▶ Work to be completed:
Omit every picture, then return each line of the data below exactly.

▶ Raw data:
----

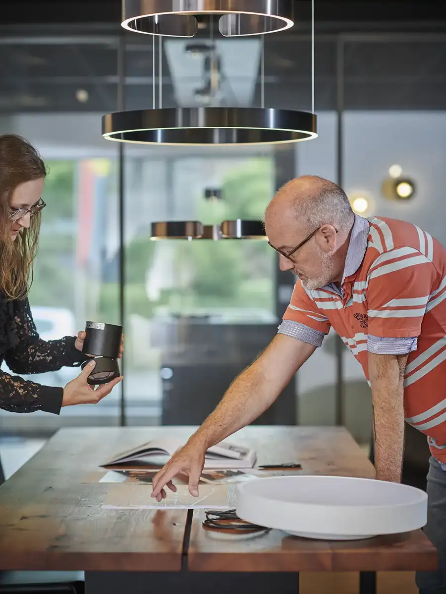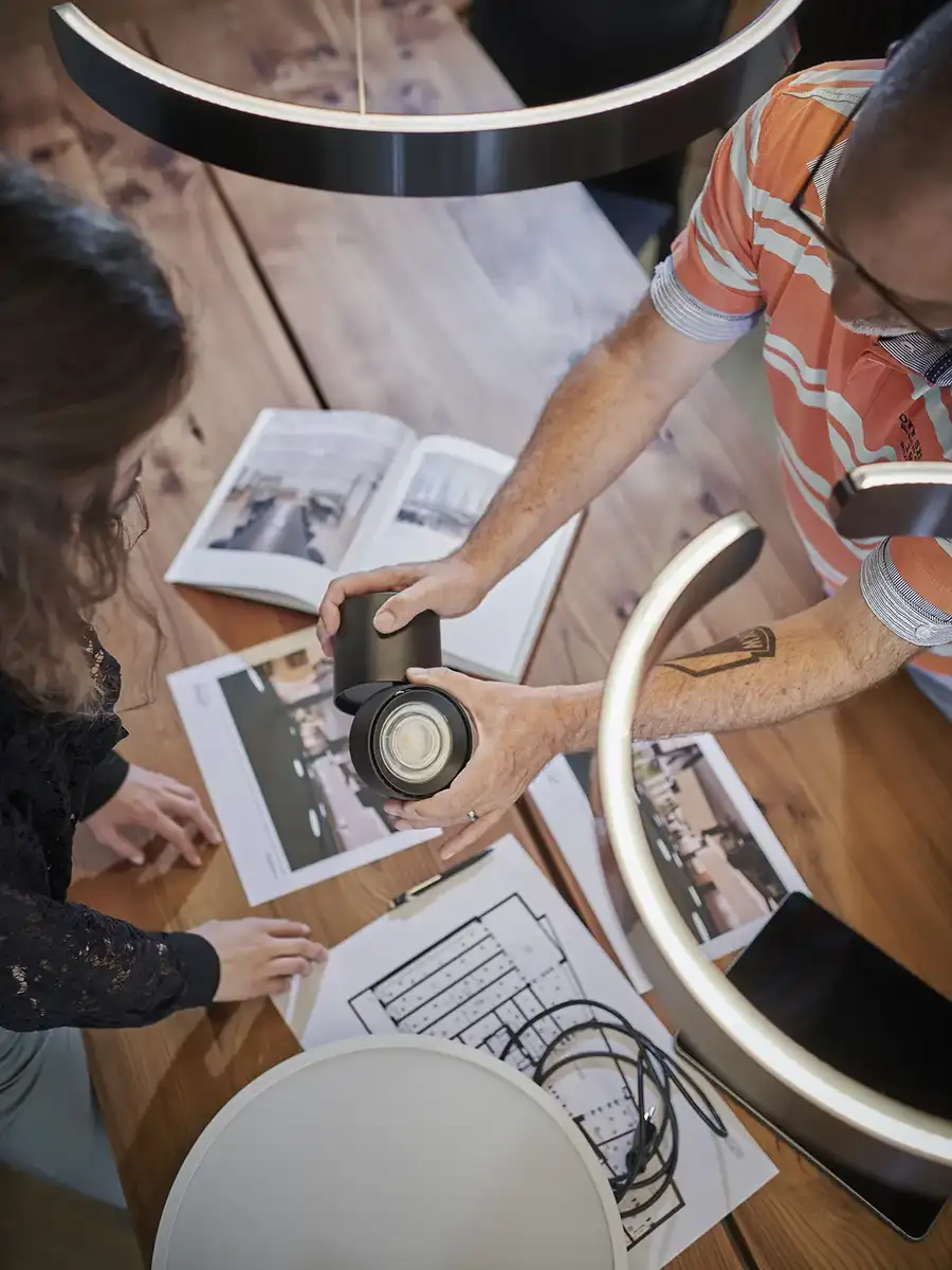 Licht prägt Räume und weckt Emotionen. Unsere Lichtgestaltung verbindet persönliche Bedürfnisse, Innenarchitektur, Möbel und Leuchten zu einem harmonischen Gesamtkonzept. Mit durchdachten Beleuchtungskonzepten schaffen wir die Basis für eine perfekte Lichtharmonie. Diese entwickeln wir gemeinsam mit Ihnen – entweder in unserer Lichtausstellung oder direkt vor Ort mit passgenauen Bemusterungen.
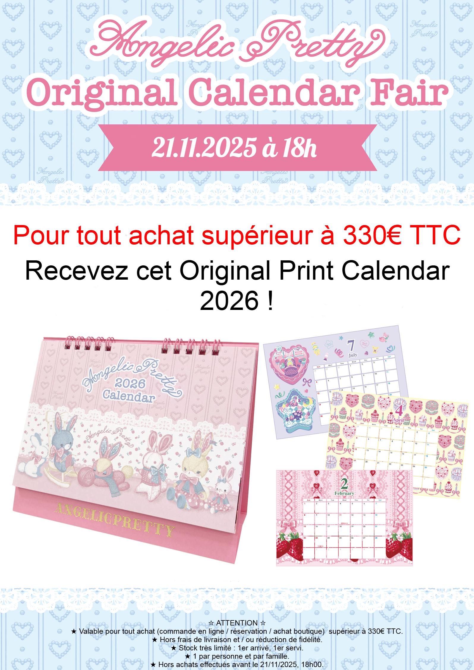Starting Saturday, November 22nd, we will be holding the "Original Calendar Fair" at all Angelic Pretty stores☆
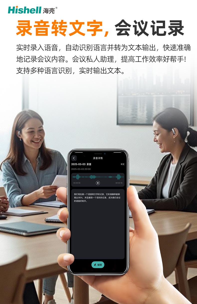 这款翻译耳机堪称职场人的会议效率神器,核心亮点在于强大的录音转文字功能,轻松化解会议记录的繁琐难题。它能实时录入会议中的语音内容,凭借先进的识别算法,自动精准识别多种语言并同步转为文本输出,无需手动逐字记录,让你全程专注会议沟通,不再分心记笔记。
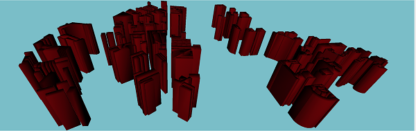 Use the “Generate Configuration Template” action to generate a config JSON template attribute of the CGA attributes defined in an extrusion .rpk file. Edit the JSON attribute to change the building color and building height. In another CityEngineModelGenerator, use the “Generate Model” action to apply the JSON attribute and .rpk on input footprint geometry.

----

▶ Task output:
 Licht prägt Räume und weckt Emotionen. Unsere Lichtgestaltung verbindet persönliche Bedürfnisse, Innenarchitektur, Möbel und Leuchten zu einem harmonischen Gesamtkonzept. Mit durchdachten Beleuchtungskonzepten schaffen wir die Basis für eine perfekte Lichtharmonie. Diese entwickeln wir gemeinsam mit Ihnen – entweder in unserer Lichtausstellung oder direkt vor Ort mit passgenauen Bemusterungen.
Starting Saturday, November 22nd, we will be holding the "Original Calendar Fair" at all Angelic Pretty stores☆
 这款翻译耳机堪称职场人的会议效率神器,核心亮点在于强大的录音转文字功能,轻松化解会议记录的繁琐难题。它能实时录入会议中的语音内容,凭借先进的识别算法,自动精准识别多种语言并同步转为文本输出,无需手动逐字记录,让你全程专注会议沟通,不再分心记笔记。
 Use the “Generate Configuration Template” action to generate a config JSON template attribute of the CGA attributes defined in an extrusion .rpk file. Edit the JSON attribute to change the building color and building height. In another CityEngineModelGenerator, use the “Generate Model” action to apply the JSON attribute and .rpk on input footprint geometry.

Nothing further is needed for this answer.